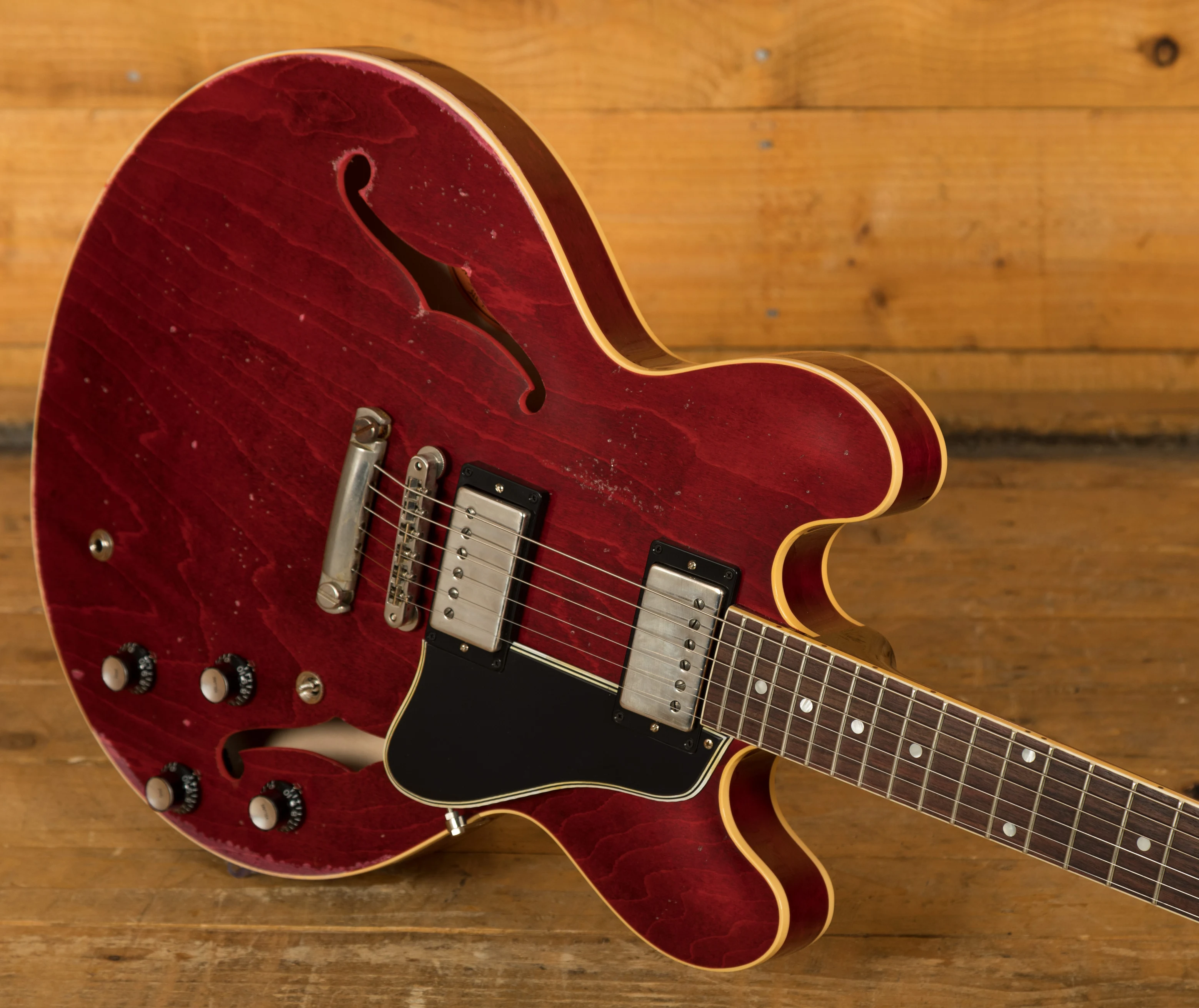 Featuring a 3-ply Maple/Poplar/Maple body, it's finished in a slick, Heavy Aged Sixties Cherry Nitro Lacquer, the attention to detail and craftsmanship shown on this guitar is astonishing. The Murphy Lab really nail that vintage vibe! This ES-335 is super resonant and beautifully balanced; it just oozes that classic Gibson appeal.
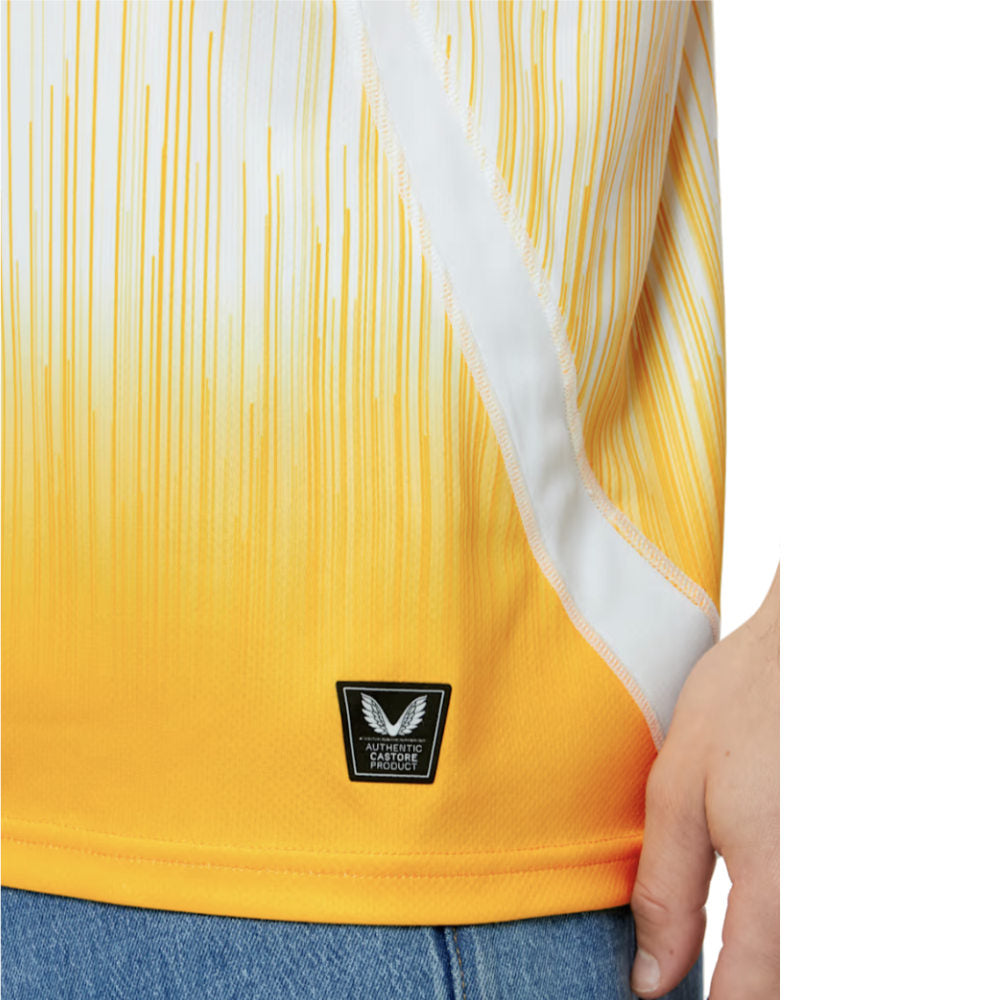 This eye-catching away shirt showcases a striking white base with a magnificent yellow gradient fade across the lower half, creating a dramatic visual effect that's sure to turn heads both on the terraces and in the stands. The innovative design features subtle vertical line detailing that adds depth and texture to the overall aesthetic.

=====

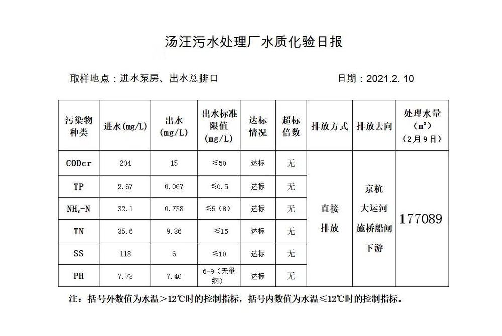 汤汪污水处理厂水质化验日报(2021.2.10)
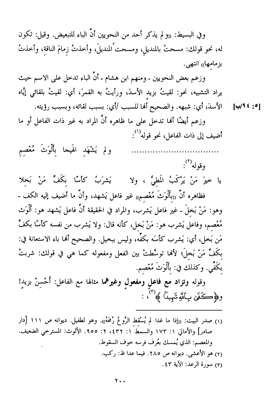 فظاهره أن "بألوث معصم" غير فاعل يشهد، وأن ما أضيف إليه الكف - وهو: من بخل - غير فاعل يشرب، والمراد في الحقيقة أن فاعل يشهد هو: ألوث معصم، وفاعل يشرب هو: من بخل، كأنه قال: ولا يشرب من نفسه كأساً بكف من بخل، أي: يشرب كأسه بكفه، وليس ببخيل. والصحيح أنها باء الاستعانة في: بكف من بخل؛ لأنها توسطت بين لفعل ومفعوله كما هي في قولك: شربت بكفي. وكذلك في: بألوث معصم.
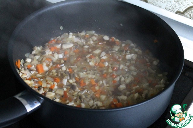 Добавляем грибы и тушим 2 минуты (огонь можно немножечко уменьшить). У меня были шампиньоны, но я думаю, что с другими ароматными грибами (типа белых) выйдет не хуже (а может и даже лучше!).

=====

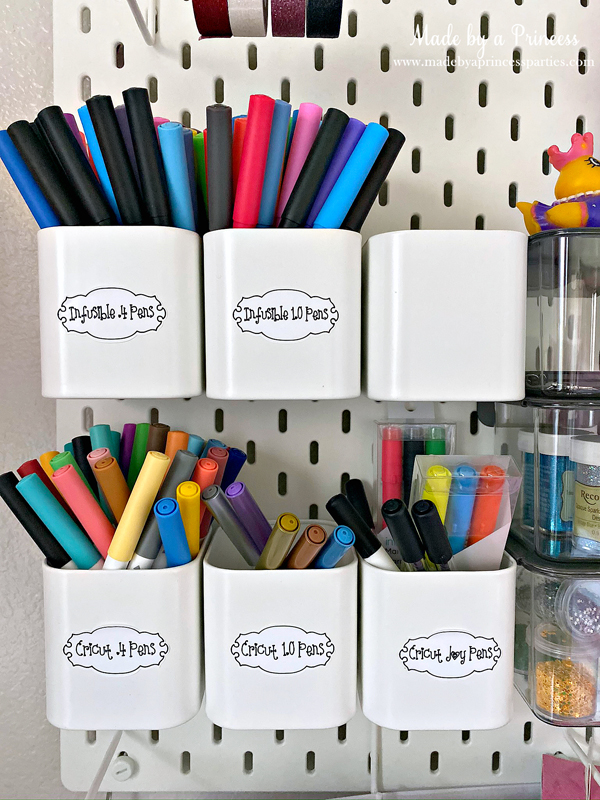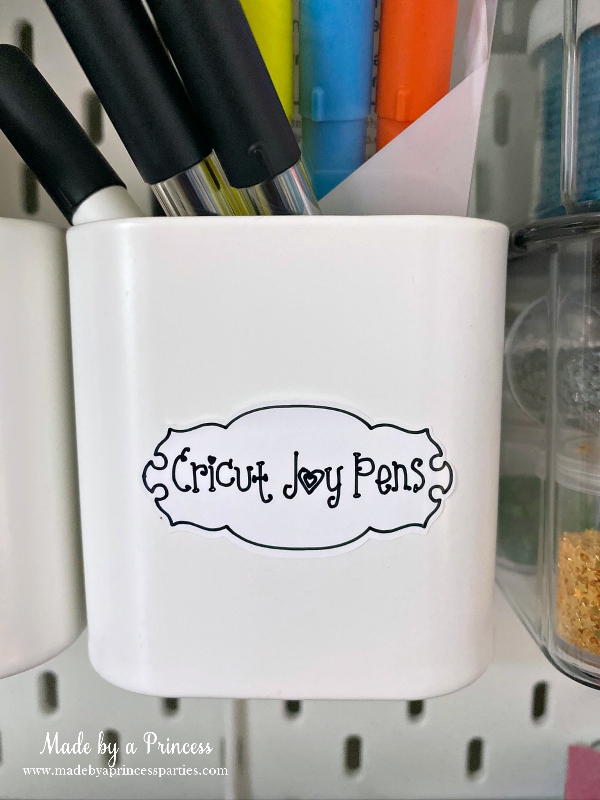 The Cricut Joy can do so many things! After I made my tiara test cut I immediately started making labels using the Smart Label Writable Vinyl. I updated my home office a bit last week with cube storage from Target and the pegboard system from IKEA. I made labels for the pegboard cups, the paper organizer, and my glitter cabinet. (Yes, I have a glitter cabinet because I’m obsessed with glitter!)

=====

- [TASK]:
Although pictures appear among the records above, write out exactly only the lines from the one that has "Featuring a 3-ply" through the one that has "This eye-catching away", and leave the pictures out.

- [ANSWER]:
 Featuring a 3-ply Maple/Poplar/Maple body, it's finished in a slick, Heavy Aged Sixties Cherry Nitro Lacquer, the attention to detail and craftsmanship shown on this guitar is astonishing. The Murphy Lab really nail that vintage vibe! This ES-335 is super resonant and beautifully balanced; it just oozes that classic Gibson appeal.
 This eye-catching away shirt showcases a striking white base with a magnificent yellow gradient fade across the lower half, creating a dramatic visual effect that's sure to turn heads both on the terraces and in the stands. The innovative design features subtle vertical line detailing that adds depth and texture to the overall aesthetic.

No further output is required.